Terms of Service

Last updated on November 1st, 2018

Welcome to www.pbnfox.com! This Website is owned and operated by SEOFox OU (as defined in Section 1), a Europe based website design and search engine optimization company website specializing in Private Blog Network building, managing and researching best practices of using PBN sites for SEO purposes.

By accessing, downloading content, saving, using or attempting to use or access the website located at https://www.pbnfox.com/ you enter into a legally binding electronic contract and you agree to these Terms of Use and Privacy Policy, including any supplemental terms that accompany different types of the Service (as defined in Section 1). All of the terms are important and together create this Agreement that applies to you.
If you find anything in this text that you do not agree with, please stop using this Website immediately.

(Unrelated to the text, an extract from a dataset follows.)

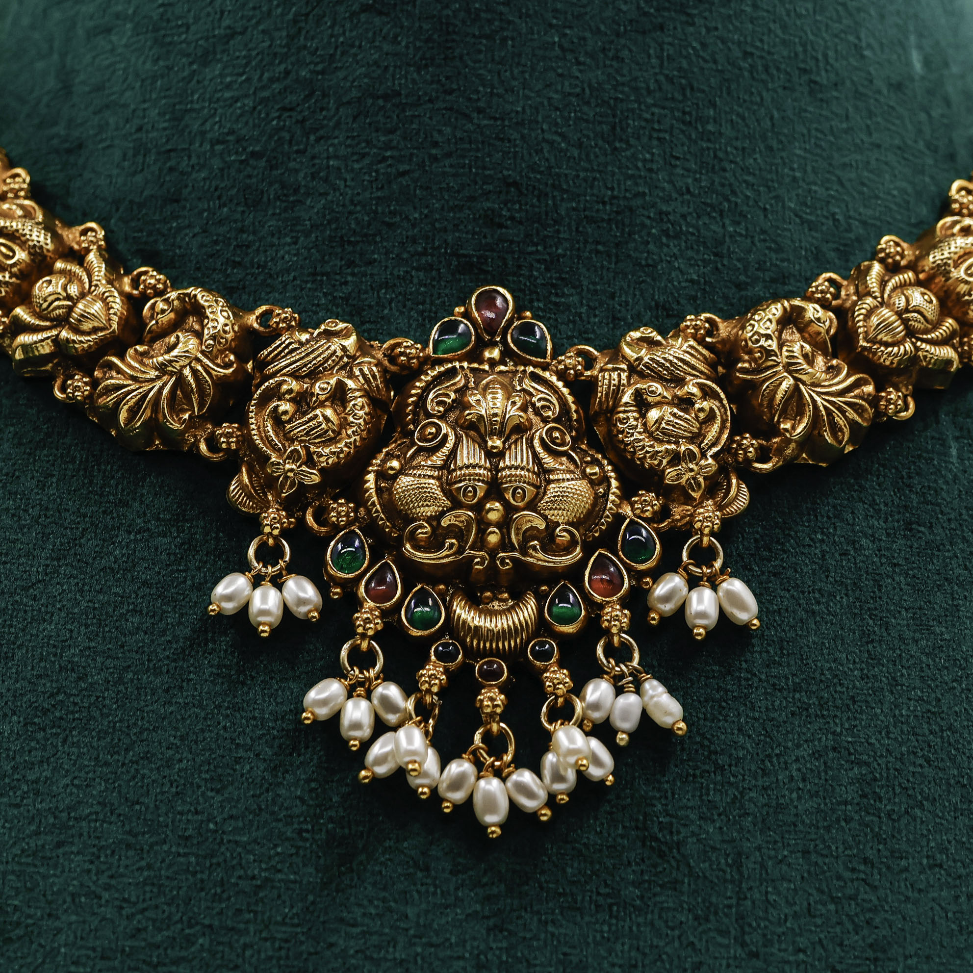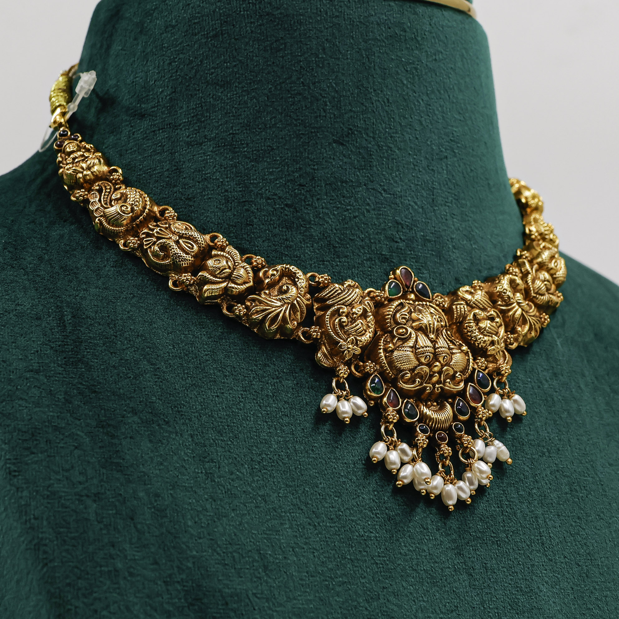 Elegant Gold Polished Silver Lakshmi necklace, a divine statement piece perfect for traditional occasions. Buy Gold Polished Silver Lakshmi Necklace from Raag Silver Jewellery in Hyderabad.

These Terms of Service comprise:
1. General Terms of Service applicable at all Users of the Website
2. Specific Terms of Service applicable to Clients as defined in Section 1.

 

1. Definitions

When we say “SEOFox OU”, “we” or “us,” we are referring to SEOFox OU Company:

Business name is SEOFOX OÜ
Address is Harju maakond, Tallinn, Lasnamäe linnaosa, Sepapaja tn 6, 15551
E-mail address is info@leapin.eu
Contact person is LeapIN Business Services OÜ, registry code 12844111, address Harju maakond, Tallinn, Lasnamäe linnaosa, Sepapaja tn 6, 15551, e-mail address info@leapin.eu

When we say “Website” we mean the website located at www.pbnfox.com.

When we say “User” we mean any visitor of Website.

When we say “Client” we mean any natural person or business with whom we have concluded the Agreement for purchase.

When we say “Services” we mean any and all services offered at our Website including but not limited to offering Premium Homepage PBN Links, PBN Fox Packages and PBN Setup and Design, whether offered within packages defined on the Website or via custom Project including both sale and rental services. The Services are not intended for and may not be used by persons under the age of 18. By using the Services, you represent that you’re at least 18.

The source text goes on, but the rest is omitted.